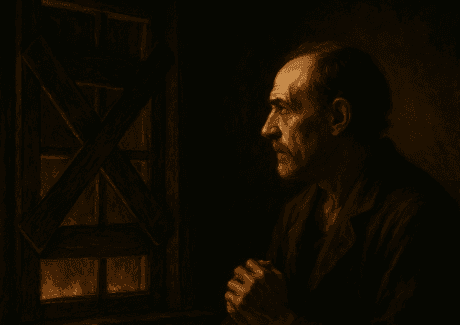 Encurvado, tateando as paredes, avançou para dentro da escuridão sufocante. Tropeçou, praguejou e riscou alguns fósforos até chegar ao quartinho.
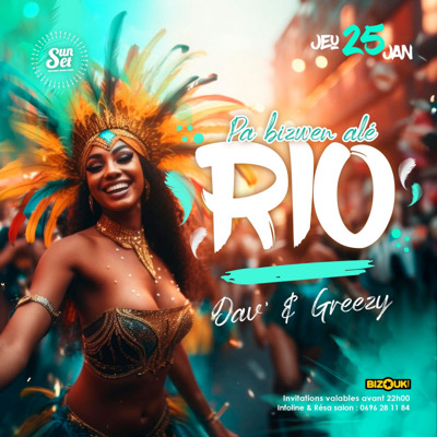 Pa bizwen ale RIO ici’a sé kraché difé… Rien a ajouter! Mettez un peu de couleurs dans vos tenues et pourquoi pas une touche de déguisement . En Mode Brazillllll plumes paillettes ou autres … enclenchons ce carnaval comme il se doit . Recupere Ton invitation ( places limitées) Et à jeudi. Possibilites de se restaurer ou grignoter .
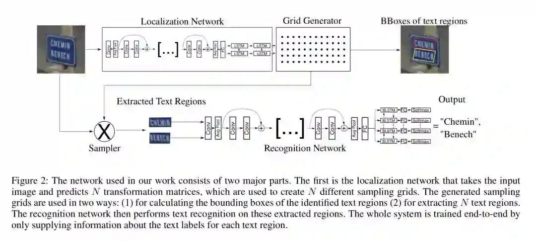 端到端的模型 loss 设计困难,通常识别只专注于文本检测或文本识别,但本文使用了 STN 来进行文本检测结合 ResNet 进行识别。先通过 STN 检测文本位置,输出特定区域的文本图片后再通过 CNN 识别文本。
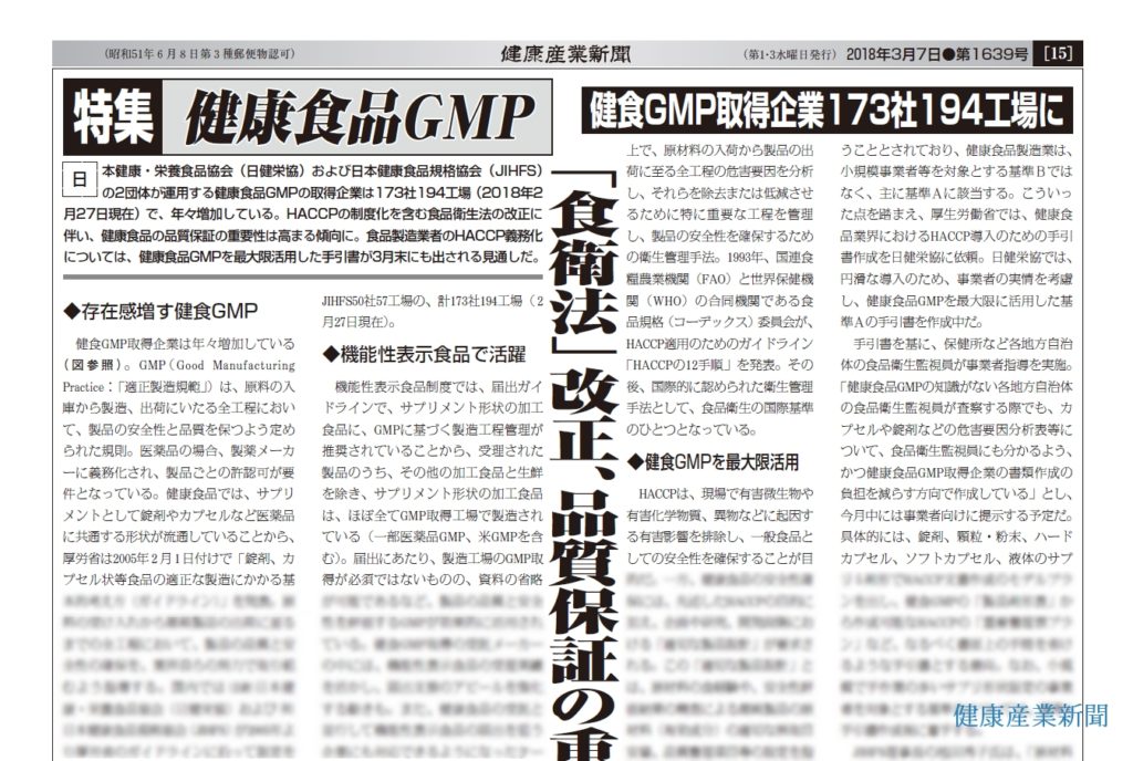 日本健康・栄養食品協会(日健栄協)および日本健康食品規格協会(JIHFS)の2団体が運用する健康食品GMPの取得企業は173社194工場(2018年2月27日現在)で、年々増加している。HACCPの制度化を含む食品衛生法の改正に伴い、健康食品の品質保証の重要性は高まる傾向に。食品製造業者のHACCP義務化については、健康食品GMPを最大限活用した手引書が3月末にも出される見通しだ。
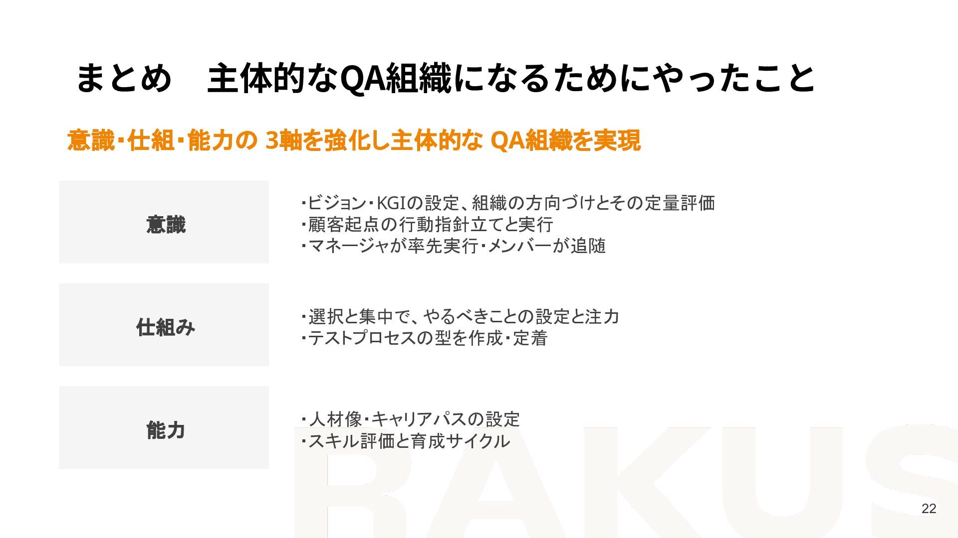 ・マネージャが率先実行・メンバーが追随 ・選択と集中で、やるべきことの設定と注力 ・テストプロセスの型を作成・定着 ・人材像・キャリアパスの設定 ・スキル評価と育成サイクル
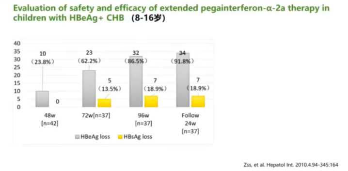 图2. 1~7岁HBeAg(+)儿童抗病毒治疗HBsAg清除率(引自讲者幻灯)
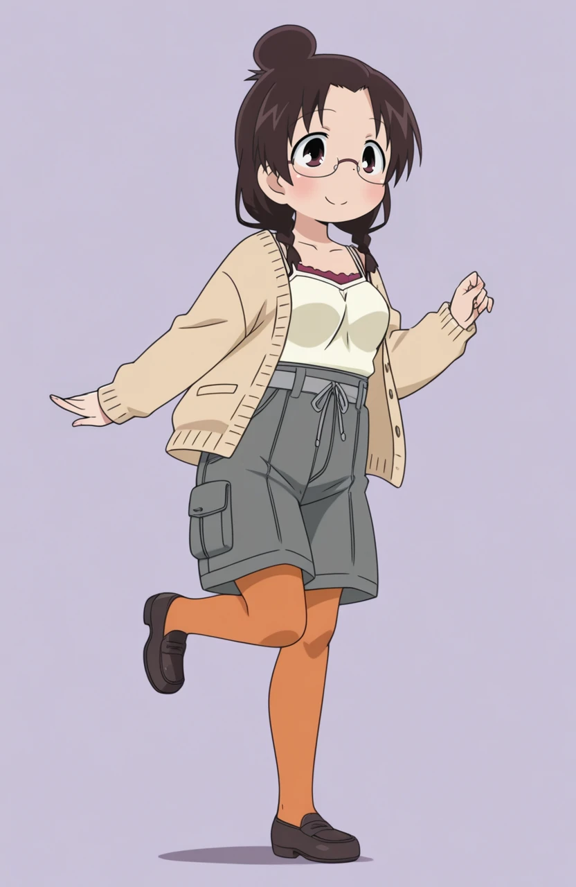 kuriyama aiko, semi-rimless eyewear, brown hair, low twin braids, topknot, medium breasts
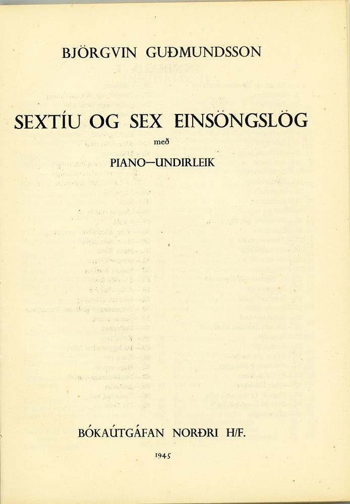 Sextíu og sex einsöngslög : með píanó-undirleik / Björgvin Guðmundsson. 1945. - [6], 177 bls. : nótur
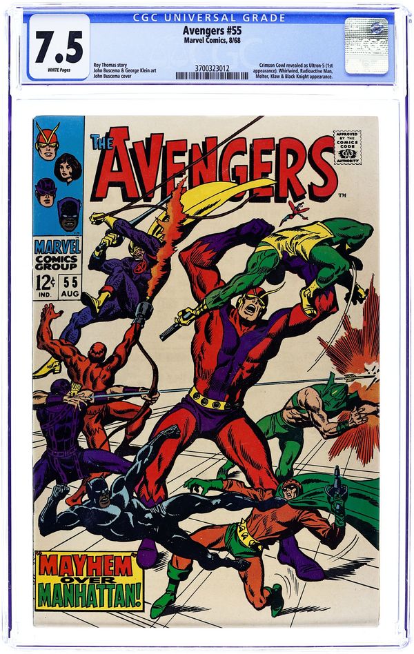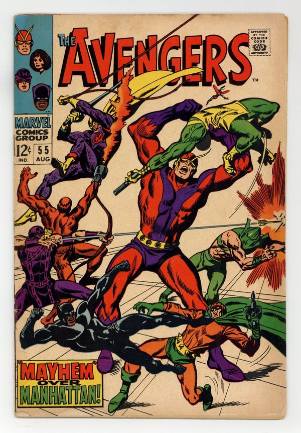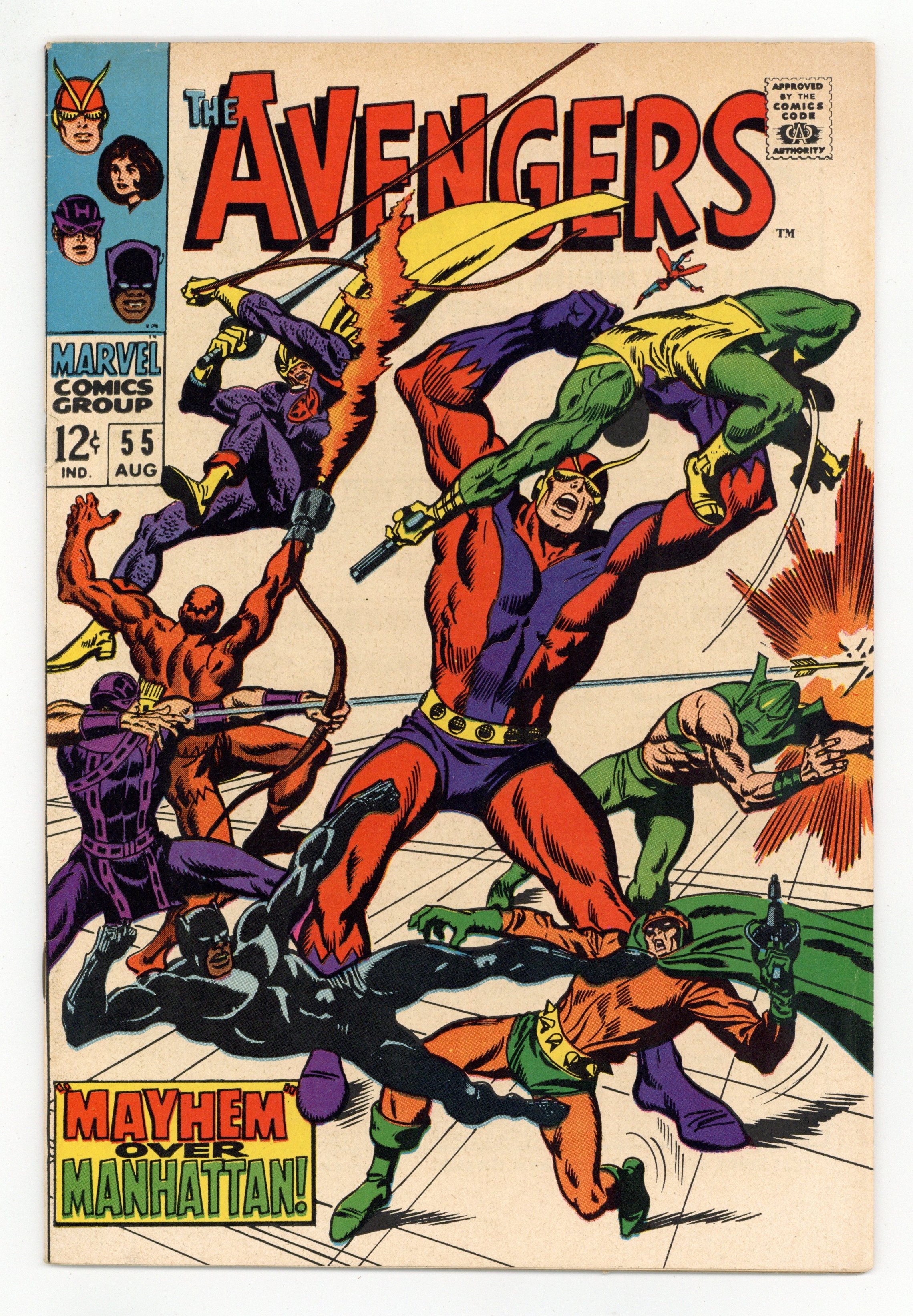 First (full) appearance of Ultron in "Mayhem over Manhattan!" Part 2 of 2. Guest-starring the Black Knight. Script by Roy Thomas. Pencils by John Buscema. Inks by George Klein. Cover by John Buscema and George Roussos. One of the legendary issues of the Avengers! As Earth's Mightiest Heroes battle their greatest foe for the first time! But at this point, they don't know who or what Ultron-5 is! The four avengers are still reeling from Jarvis' betrayal, the Masters of Evil's victory, and the Crimson Cowl's identity! However Ultron doesn't care about the Avengers' confusion! Because he's just loaded them inside a hydrogen bomb... and set the bomb on a collision course with the Empire State Building! Oh my, this looks like curtains for Earth's Mightiest! Unless the resourceful Black Knight and remorseful Edwin Jarvis can think of something quick! Appearances by Aragorn, Klaw, Melter, Whirlwind, and the Radioactive Man. Avengers Lineup: Black Panther, Goliath, Hawkeye, and the Wasp. (Notes: Ultron returns in Avengers #57. This issue was reprinted in Marvel Super Action #14. This two-part story was reprinted in 1993 in the trade paperback: The Greatest Battles of the Avengers.) 36 pages. Cover price $0.12.

REQUIRED WORK =>
Since the pictures are not part of the copy, please transcribe only the lines above from the one with "端到端的模型 loss 设计困难,通常识别只专注于文本检测或文本识别,但本文使用了" through the one with "图2. 1~7岁HBeAg(+)儿童抗病毒治疗HBsAg清除率(引自讲者幻灯)", exactly and with both ends.

OUTPUT FOR THIS TASK =>
 端到端的模型 loss 设计困难,通常识别只专注于文本检测或文本识别,但本文使用了 STN 来进行文本检测结合 ResNet 进行识别。先通过 STN 检测文本位置,输出特定区域的文本图片后再通过 CNN 识别文本。
 日本健康・栄養食品協会(日健栄協)および日本健康食品規格協会(JIHFS)の2団体が運用する健康食品GMPの取得企業は173社194工場(2018年2月27日現在)で、年々増加している。HACCPの制度化を含む食品衛生法の改正に伴い、健康食品の品質保証の重要性は高まる傾向に。食品製造業者のHACCP義務化については、健康食品GMPを最大限活用した手引書が3月末にも出される見通しだ。
 ・マネージャが率先実行・メンバーが追随 ・選択と集中で、やるべきことの設定と注力 ・テストプロセスの型を作成・定着 ・人材像・キャリアパスの設定 ・スキル評価と育成サイクル
 图2. 1~7岁HBeAg(+)儿童抗病毒治疗HBsAg清除率(引自讲者幻灯)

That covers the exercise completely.